Renting out the manse helps keep the community afloat, and resources from Lutheran Media have been invaluable in making Sunday mornings happen. It’s a truism to say “no minister, no ministry” but as Paul points out, people don’t tend to stick around when there’s no-one at the helm. I think about what I’ve seen that morning: he and Glenn steering the rest of us through that time of worship together, in grace and peace…but I take his point.

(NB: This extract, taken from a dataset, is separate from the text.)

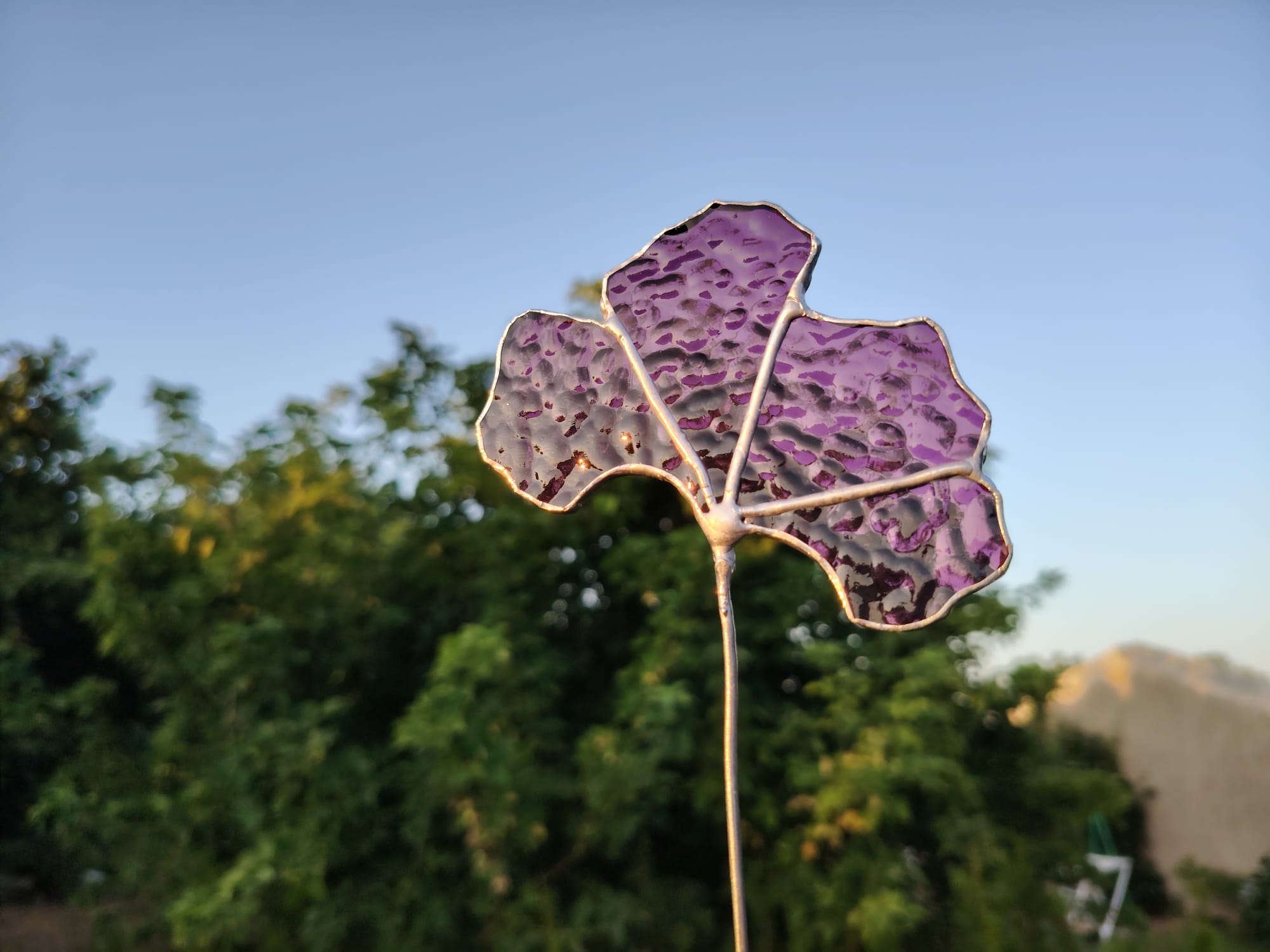 Corolle : 14*11cm. Verre violet translucide texturé. Fleur montée sur tige en cuivre étamée. Prix de vente : 60€ hors frais de port.

It was much that way through the February flood as well – the “big one” that destroyed much of a town of 45,000 people. The bowlo across the road was flooded, as were homes a block over, but the little church stayed dry and whole, sparing office space for service providers to set up camp within, and Sunday worship space for Catholics. Down the road at the Alstonville post office, Glenn Faulkner provided the only banking option for miles around – there were no working ATMs left in Lismore, or pretty much anywhere around.
The Beckers are no strangers to floods – surprising considering their drought-affected farming history. There was a flooding creek on the Inglewood property, and a weather station at Woodspring that taught them to monitor conditions. So, Chris grew up knowing how to deal with floods…still, they make her anxious.
“The big one was our third here in the Northern Rivers, with smaller ones between and since. Although we weren’t severely affected personally – other than being cut off from town and damage to our house electricals – it was devastating to witness this one. The military presence, text messages to evacuate, flooding up to the powerlines in Lismore. There was even flooding in Casino, which is usually a litmus test for whether it’s truly serious or not.”
Eight months on, she relives the event every time they cross the bridge into Lismore town. “Those people stuck in their roof cavities, unable to get out…it’s heart-wrenching.” Paul, working as he does in the dairy industry, saw losses of another kind. One young family he assisted had camped on their roof, watching helplessly as their 200 head of Jersey cattle floated away and drowned. Like everyone here, the Beckers did what they could to help.
I reflect as I get in my car and drive away that the little church in Lismore East persists because it is built upon the dogged resilience and enduring witness of the people of the land. A people whose faith knows no seasons, who live to share the goodness of God, and who will attest, with the writer of Ecclesiastes, that – no matter what – the sun also rises.